Requires Google Cloud SDK and docker (if running locally)
- Set the values in the config or copy it to profiles/config.<profile_name>
- Note: you're unlikely to need to change anything other than the PIS Config section and maybe the image tag.
- Set the profile to one you need e.g.
make set_profile profile=dev
- Launch with pis arguments e.g. (steps for public) so
make launch_remote args='-exclude otar pppevidence'
- This deploys a vm on GCP, runs PIS with the args given, uploads the PIS output, configs and logs to the configured GCS bucket.
- To follow the logs while the VM is up, run the following:
gcloud compute ssh --zone "<pisvm.zone>" "<pisvm.username>@<pisvm.name" --project "open-targets-eu-dev" --command='journalctl -u google-startup-scripts.service -f'
- Launch with pis arguments e.g. (steps for public) so
make launch_local args='-exclude otar pppevidence'
- This runs PIS with the args given, uploads the PIS output, configs and logs to the configured GCS bucket.

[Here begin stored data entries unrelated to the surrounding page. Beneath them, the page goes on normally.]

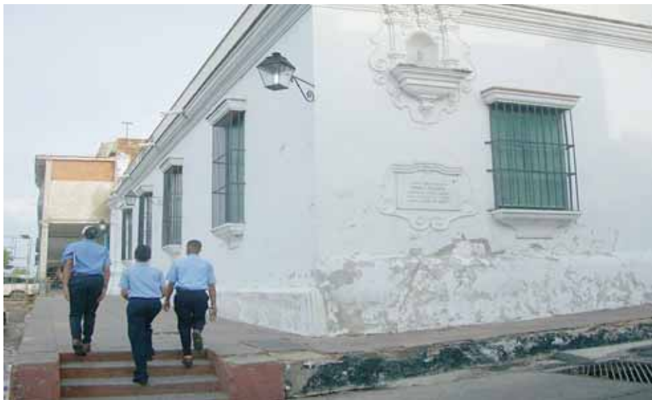
Casa del Correo del Orinoco en Ciudad Bolívar

tropas republicanas se mostraban impacientes en el mismo sentido”.
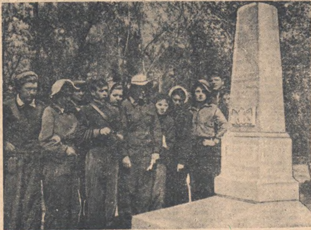
Пионервожатые школ города совершили туристский трехдневный поход по маршруту Омск — сад Комиссарова. НА СНИМКЕ: участники похода у памятника на могиле Комиссарова.
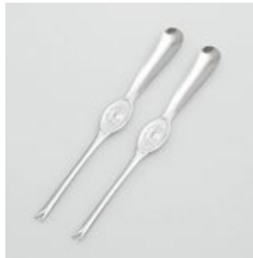
BS-251 かにフォーク 2pc 2pc of Crab Forks

■材質 ステンレススチール ■サイズ(mm) 約200×20×10 ■重さ 約23g
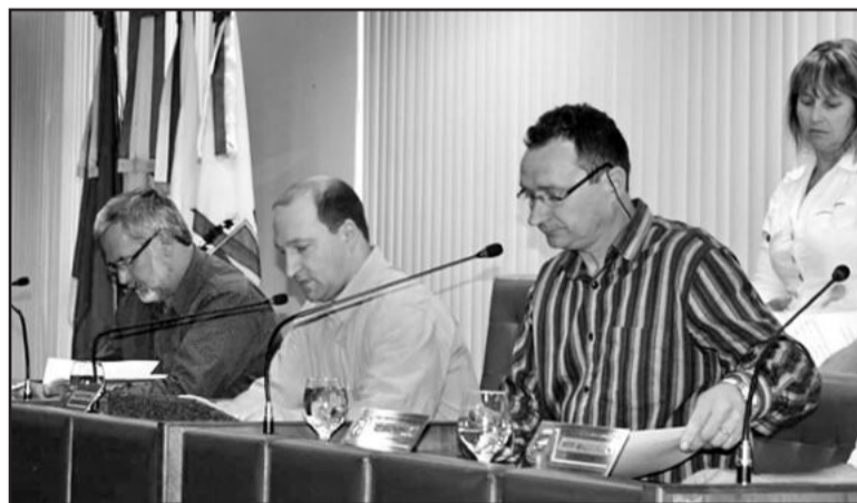
Mesa diretora Câmara de Vereadores de Bento Gonçalves

Vice-prefeito - Salário atual: R$ 8.095,33. A partir de

- If you launched PIS remotely, you'll want to tear down the infrastructure after it's finished:
make clean_infrastructure
. If you want to tear down all infrastructure from previous runs:make clean_all_infrastructure
- The session configs are stored locally in "sessions/<session_id>". A helper make target allows you to clear this:
make clean_session_metadata
or for all sessions:make clean_all_sessions_metadata
- Python3.8
- Poetry
- Apache-Jena
- git
- jq
- Google Cloud SDK
Installation:
curl -sSL https://install.python-poetry.org | python3 -
Platform input support is available as docker image, a Dockerfile is provided for building the container image.
For instance
mkdir /tmp/pi
sudo docker run
-v path_with_credentials:/usr/src/app/cred
-v /tmp/pis:/usr/src/app/output
pis_docker_image
-steps Evidence
-gkey /usr/src/app/cred/open-targets-gac.json
-gb ot-team/pis_output/docker
When providing a Google Cloud key file, please, make sure that it is mounted within the container at this exact mount point
/srv/credentials/open-targets-gac.json
This allows the activation of the service account when running the container image, so gcloud-sdk can work with the destination Google Cloud Storage Bucket.

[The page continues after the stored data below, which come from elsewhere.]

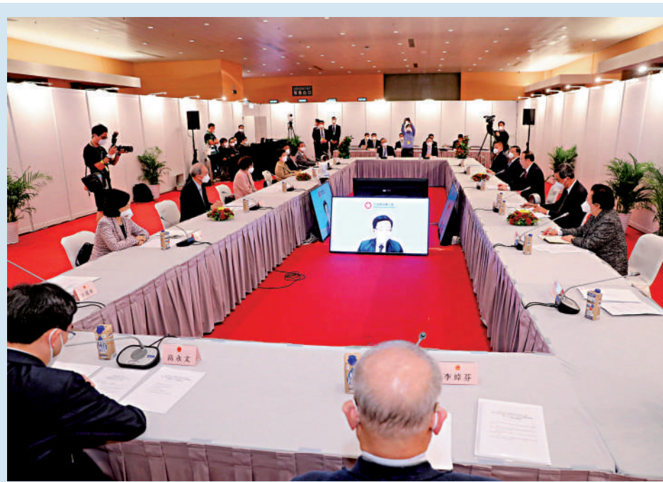
香港特別行政區第十四屆全國人大代表選舉會議第一次全體會議昨日在灣仔會展中心舉行，1107位成員出席會議。
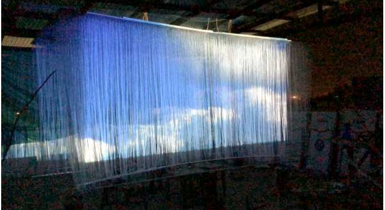
এসেস ওফ রিএলিটি (আৰ্ট ইন্সটলেশন ২০১৮)

পাউচে অসিদা ফোঙজরিবা বারেশিং অসিগী রাখল, মীংয়েং অইবা মশা মশাগীনি। পাউচে অসিগী রাখলোন অমসুং মীংয়েংগা থোইদোক্কা মরী লেনদে।
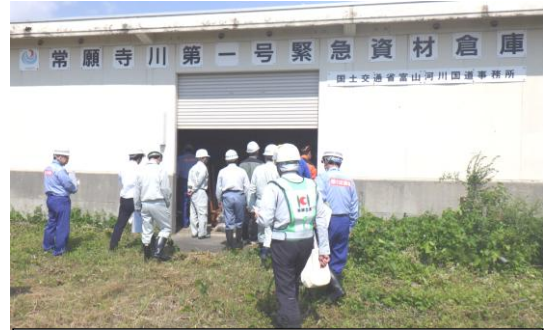
(参考:前年度実施状況)

For using an external config file, simply add the option -c and the path where the config file is available
This is an example how to run singularity using the docker image.
singularity exec \
-B /nfs/ftp/private/otftpuser/output_pis:/usr/src/app/output \
docker://quay.io/opentargets/platform-input-support:cm_singularity \
conda run --no-cature-output -n pis-py3.8 python3 /usr/src/app/platform-input-support.py -steps drug
In order to run PIS inside the current EBI infrastructure the best praticse is to use Singularity and LSF.
First of all check the google cloud account rights for the proper project.

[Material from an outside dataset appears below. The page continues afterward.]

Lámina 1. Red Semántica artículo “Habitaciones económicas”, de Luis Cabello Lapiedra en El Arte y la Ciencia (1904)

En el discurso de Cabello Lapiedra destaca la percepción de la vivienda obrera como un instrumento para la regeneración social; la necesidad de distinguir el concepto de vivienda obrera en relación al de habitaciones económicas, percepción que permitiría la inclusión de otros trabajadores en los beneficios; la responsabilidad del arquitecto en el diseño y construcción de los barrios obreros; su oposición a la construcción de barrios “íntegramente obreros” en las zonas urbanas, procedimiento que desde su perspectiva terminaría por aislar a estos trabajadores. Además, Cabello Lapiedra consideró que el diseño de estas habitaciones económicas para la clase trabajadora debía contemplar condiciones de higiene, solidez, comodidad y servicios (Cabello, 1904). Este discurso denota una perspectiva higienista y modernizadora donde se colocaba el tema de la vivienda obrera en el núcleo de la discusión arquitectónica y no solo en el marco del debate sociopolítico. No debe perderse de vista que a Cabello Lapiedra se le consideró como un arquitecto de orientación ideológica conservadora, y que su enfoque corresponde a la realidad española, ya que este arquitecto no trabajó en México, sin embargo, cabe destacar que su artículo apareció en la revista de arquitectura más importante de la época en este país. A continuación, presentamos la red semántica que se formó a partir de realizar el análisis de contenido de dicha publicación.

ls -la /homes/$USER/.config/gcloud/application_default_credentials.json
Eventually run the following command to generate the file above:
gcloud config set project open-targets-eu-dev
or
gcloud config set project open-targets-prod
gcloud auth application-default login
You can use singularity/ebi.sh
to run PIS inside the EBI infrastructure.
./singularity docker_tag_image step google_storage_path
where
- docker_tag_image: docker image tag (quay.io) (under review)
- step : Eg. drug
- google_storage_path: gs bucket [not mandatory]
./singularity/ebi.sh 21.04 drug
./singularity/ebi.sh 21.04 drug ot-snapshots/21.04/input
cd ~
wget -O apache-jena.tar.gz https://www.mirrorservice.org/sites/ftp.apache.org/jena/binaries/apache-jena-4.2.0.tar.gz
tar xvf apache-jena.tar.gz --one-top-level=apache-jena --strip-components 1 -C /usr/share/
Add ~/apache-jena/bi to .bashrc
EG.
export PATH="$PATH:/your_path/apache-jena/bin"
source .bashrc
The config.yaml file contains several sections. Most of the sections are used by the steps in order to download, to extract and to manipulate the input and generate the proper output.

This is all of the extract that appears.